Не преминул свернуть на скользкую дорожку и Бекмамбетов. В фильме появился капкан – абсолютно вымышленный персонаж лётчик Ларин, представленный в качестве друга Девятаева. Реальной необходимости в этом персонаже, на мой взгляд, не было. Представим себе знаменитого Карбышева, которому некий пленный солдатик советует перейти на сторону немцев, и генерал вступает с солдатиком в длинную дискуссию. Комично? – Комично. Тот же эффект вызывают дискуссии и никому не известного Ларина с человеком-легендой (мы-то, зрители, об этом знаем), который всей своей жизнью прокладывал дорогу к подвигу. Но если бы не было Ларина, кто бы тогда напомнил зрителям о приказе Народного комиссара обороны СССР, который предписывал жёстко карать изменников Родины? Вот, мол, до чего доходило в стране, которой правил Дракула. С подачи режиссёра изменник Родины Ларин уже воспринимается как жертва этого приказа. Герой фильма отверг усердные обхаживания «друга» и в конце концов оказался дома. Если экстраполировать возвращение на все события войны, то обнаружится давно заезженная формула: победили не благодаря, а вопреки.

Впрочем, «диверсионная» обработка сказалась на взглядах «киношного» Девятаева. Стараниями Бекмамбетова он произносит сакраментальную фразу: «Я, наверное, никогда не узнаю, почему мне вдруг поверили. Может, потому, что сменилось время. А может, потому, что я не предал друга. Прошлые ошибки забудутся, а подвиги останутся. Ведь ошибки надо уметь прощать, а подвиги помнить». Таким образом, размывается, обесценивается сам подвиг. Мало того, прозвучавший из уст Девятаева призыв обезоруживает нас, зрителей. Мол, давайте, ребята, простим гитлеровцев, власовцев, бандеровцев и иже с ними немецких холуёв, которые и сейчас топчутся у границ России. Коварное «уметь прощать» стало знаменем либеральной отечественной публики. Заметьте: относится требование только к тем, кто переметнулся на сторону врага. Ошибочные решения наших военачальников, а они, конечно, были, ни прощения, ни срока давности не имеют. Им – вечное презрение!

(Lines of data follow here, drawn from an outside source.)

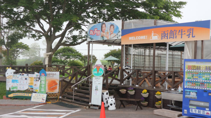 函館駅付近からはかなり遠いです。いろいろあってレンタカーを借りたので訪れてみました。函館駅付近から見ると函館空港を過ぎた丘の上にあります。僕は海沿いの道から行ったので空港の滑走路をくぐっていく形になりました。僕が宿泊したラビスタ函館ベイの朝食でも出されていた函館牛乳の工場内にある直営店のようです。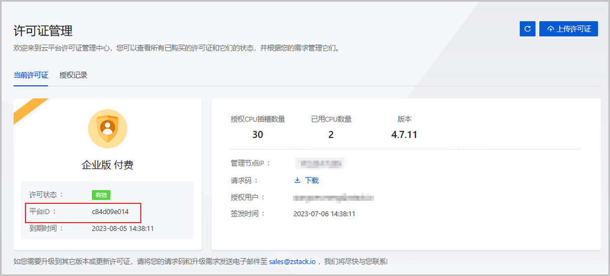 ZStack Cloud 4.7.11开始,云平台许可证管理页面新增平台ID,作为产品唯一码可供用户查询。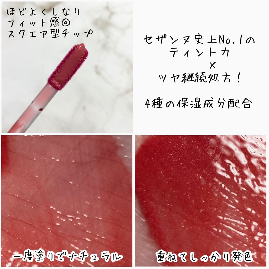 - ツヤ×色×潤いをキープする、セザンヌの新濡れツヤリップ みずみずしい濡れツヤ感ある仕上がりで、発色とツヤが長続きするティントリップです。ティントの発色を透明のベールで覆うリップコートのような処方で、ツヤ感と色をキープします。さらに、唇表面のべたつきは少なく、しっとり潤うオイルinウォーター処方を採用しています。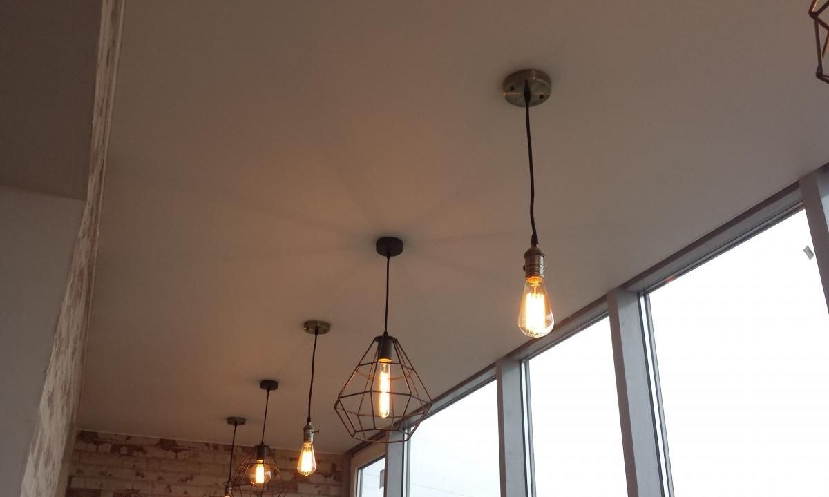 - ретро крушките не се нуждаят от плафон, тъй като сами по себе си са декоративни, очевидно е, че вградените в тавана лампи също се използват в това пространство;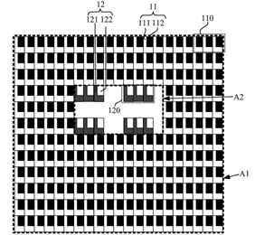 图 2 主要分成第一显示区A1和第二显示区A2两大部分,它们各设有对应的像素阵列,且每个像素阵列均包含多个亚像素。其中,第一/二发光器件111/121和与相应发光器件电连接的第一/二驱动电路112/122分别构成了第一亚像素11和第二亚像素12。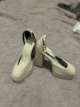 Zapatos de plataforma con un diseño moderno y elegante. - Tacón grueso y cuadrado. - Tira ajustable al tobillo. - Plataforma delantera. - Acabado liso.
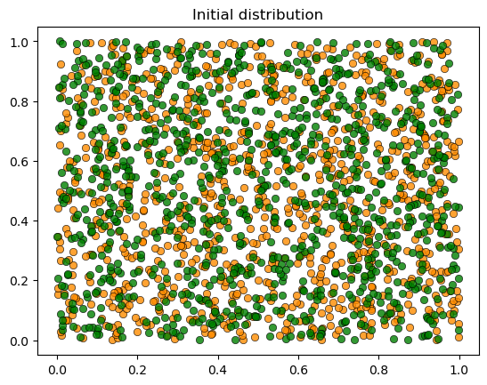 plot_distribution(locations, types, 'Initial distribution')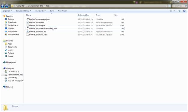 Now, if you have a closer look, there is no .EXE file. In traditional .NET framework, whenever you create any console application, you will get .EXE file, where you can double click and run the application.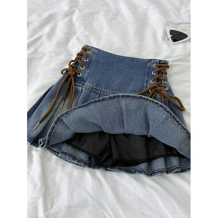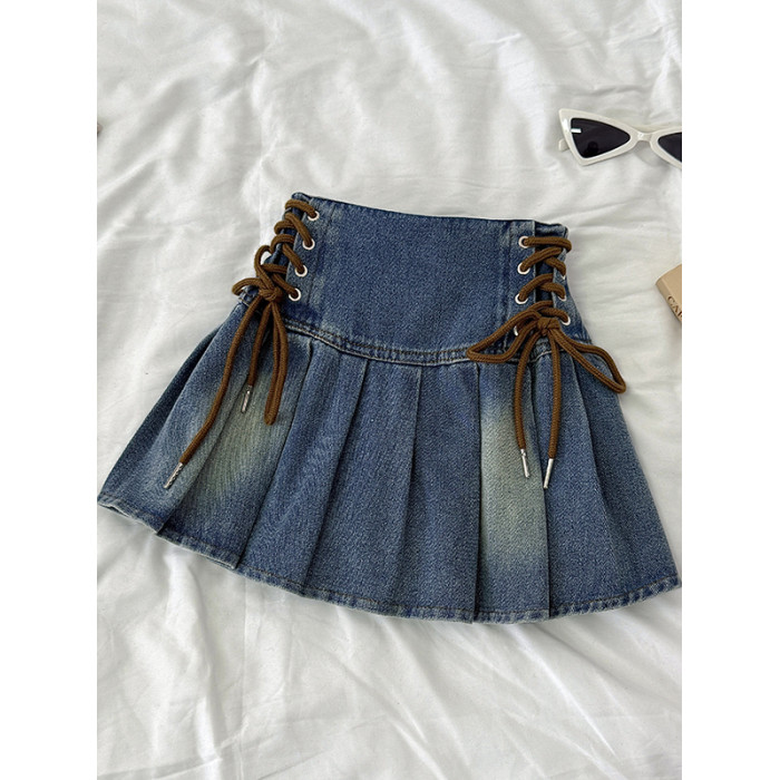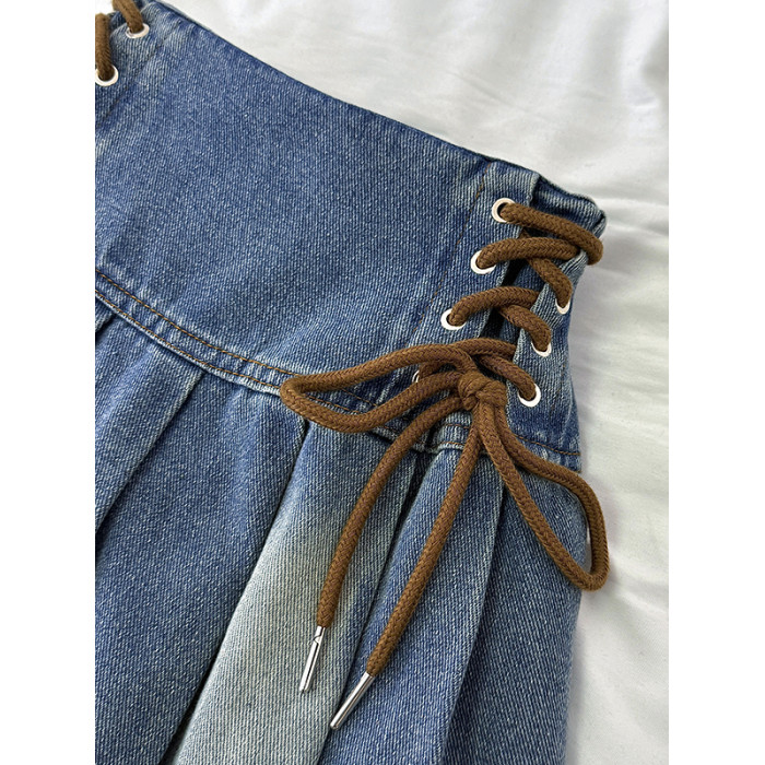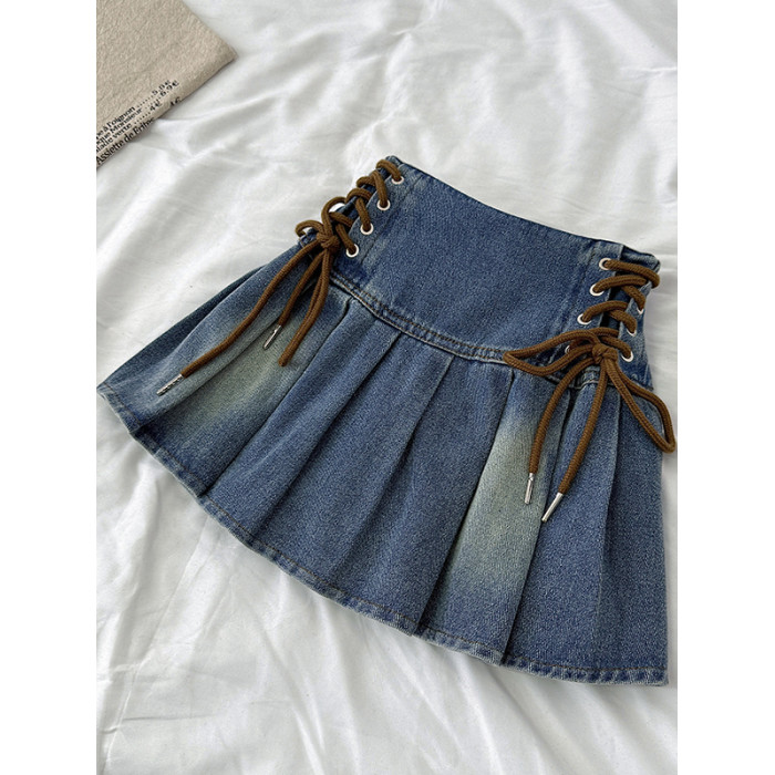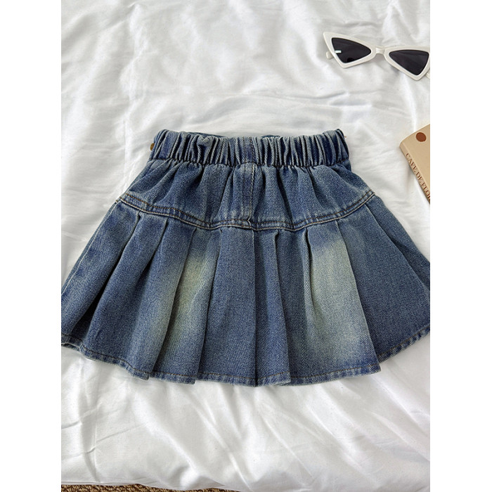 女童綁繩牛仔裙兒童松緊高腰百搭A字裙漸變雙綁帶半身裙百褶短裙

Мне возразят, что «леплю горбатого», потому как жёсткие, жестокие приказы Верховного главнокомандования действительно были. Так я и не отрицаю: были. Особенно в начале войны. Нарушителей признавали дезертирами, они могли быть расстреляны на месте или осуждены на 25 лет, а их семьи подлежали аресту и лишались всех государственных пособий и поддержки. Поэтому даже если лётчик сбежал из фашистского ада, надо было доказать, что не смалодушничал, не сдался в плен по доброй воле, а оказался в лапах врага в бессознательном состоянии. Надо было доказать, что сумел убежать, а не был завербован и отпущен к своим отнюдь не с добрыми намерениями.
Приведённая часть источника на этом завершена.